[Opening SUPPLIED DATA section]

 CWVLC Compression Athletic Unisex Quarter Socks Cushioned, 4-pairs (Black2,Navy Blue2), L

[Closing SUPPLIED DATA section]
[Opening SUPPLIED DATA section]

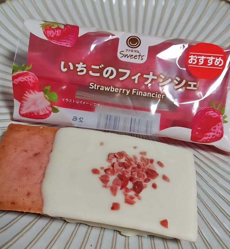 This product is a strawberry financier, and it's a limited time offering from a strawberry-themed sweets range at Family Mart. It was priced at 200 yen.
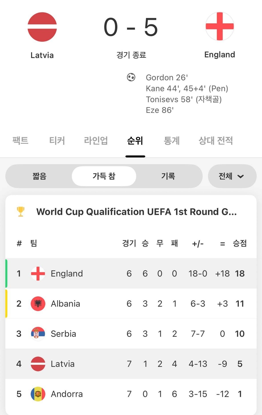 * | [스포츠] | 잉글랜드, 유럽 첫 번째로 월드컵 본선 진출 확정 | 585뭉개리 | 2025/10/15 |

[Closing SUPPLIED DATA section]
[Opening SUPPLIED DATA section]

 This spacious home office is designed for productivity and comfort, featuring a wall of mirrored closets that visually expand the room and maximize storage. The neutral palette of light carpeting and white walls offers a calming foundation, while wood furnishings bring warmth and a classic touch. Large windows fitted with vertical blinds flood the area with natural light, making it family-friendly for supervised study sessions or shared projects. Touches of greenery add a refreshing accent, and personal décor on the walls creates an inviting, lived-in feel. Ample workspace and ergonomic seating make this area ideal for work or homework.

[Closing SUPPLIED DATA section]

- [WHAT TO WORK ON]: Write out exactly the run of lines above that starts at the line containing "This product is" and ends at the line containing "585뭉개리 | 2025/10/15 |". Include both, and leave the pictures out.

- [WRITTEN ANSWER]:
 This product is a strawberry financier, and it's a limited time offering from a strawberry-themed sweets range at Family Mart. It was priced at 200 yen.
 * | [스포츠] | 잉글랜드, 유럽 첫 번째로 월드컵 본선 진출 확정 | 585뭉개리 | 2025/10/15 |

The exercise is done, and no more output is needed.